Circulating electrolysis device for collecting hydrogen

Technical Field

The utility model belongs to the technical field of new forms of energy hydrogen manufacturing equipment, concretely relates to circulation electrolytic device for gathering hydrogen.

Background

The water electrolysis hydrogen production is a convenient method for producing hydrogen. Direct current is introduced into an electrolytic cell filled with electrolyte, and water molecules are subjected to electrochemical reaction on electrodes and are decomposed into hydrogen and oxygen. Specifically, when a direct current is applied to some of the aqueous electrolyte solutions, the decomposed substances are not related to the original electrolyte, and water is decomposed as a solvent, and the original electrolyte remains in the water. Such as sulfuric acid, sodium hydroxide, potassium hydroxide, and the like, are among such electrolytes. In the electrolysis of water, because pure water has a very small ionization degree and a low conductivity, and belongs to a typical weak electrolyte, the electrolyte needs to be added to increase the conductivity of the solution, so that water can be smoothly electrolyzed into hydrogen and oxygen.

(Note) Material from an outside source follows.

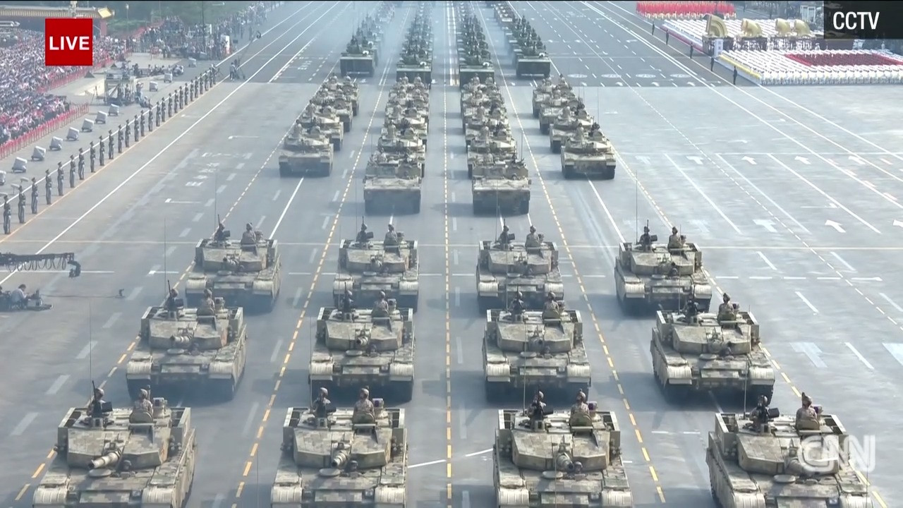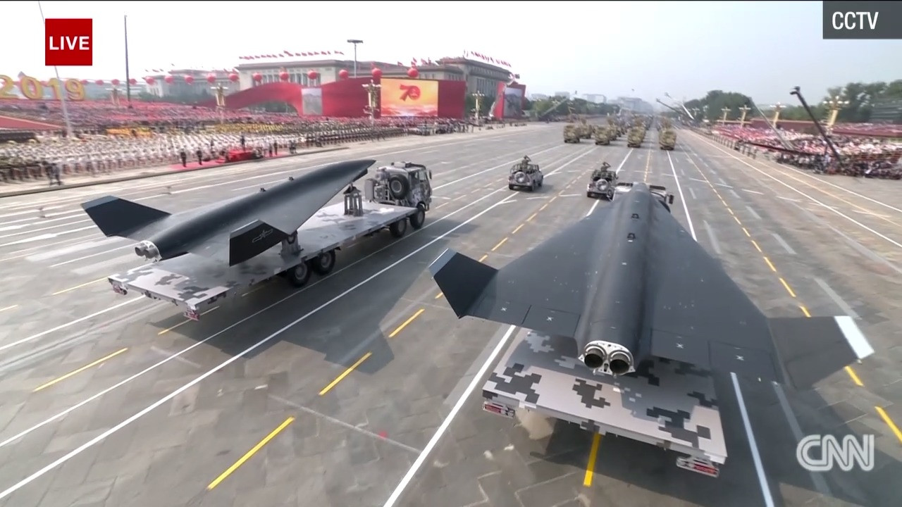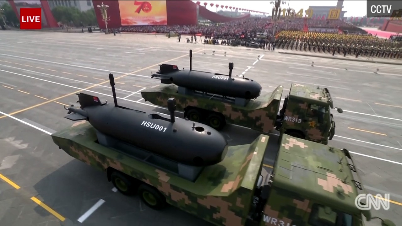 Trong số các khí tài xuất hiện tại lễ duyệt binh, có nhiều vũ khí mới được Bắc Kinh công bố lần đầu, bao gồm tên lửa đạn đạo xuyên lục địa DF-41, máy bay không người lái DR-8, tàu ngầm không người lái… Ảnh: CNN

Since hydrogen can be used as an industrial raw material or energy in modern industry and energy industry, most of the prior processes for preparing hydrogen adopt a route for preparing hydrogen from natural gas or water gas, and have lower cost. In the existing renewable energy development, because a plurality of novel power generation devices such as solar energy, wind energy and the like are adopted, the electric energy generated by the method is not stable enough, and cannot be directly connected to a power grid for power supply on the premise of reaching a certain loading capacity, and the characteristic is that the electric energy cannot be output with continuous and stable power. In the process of advancing new energy power generation at a high speed, the unstable current needs to be stored and utilized urgently, and the method is a better complementary relation in the hydrogen preparation process.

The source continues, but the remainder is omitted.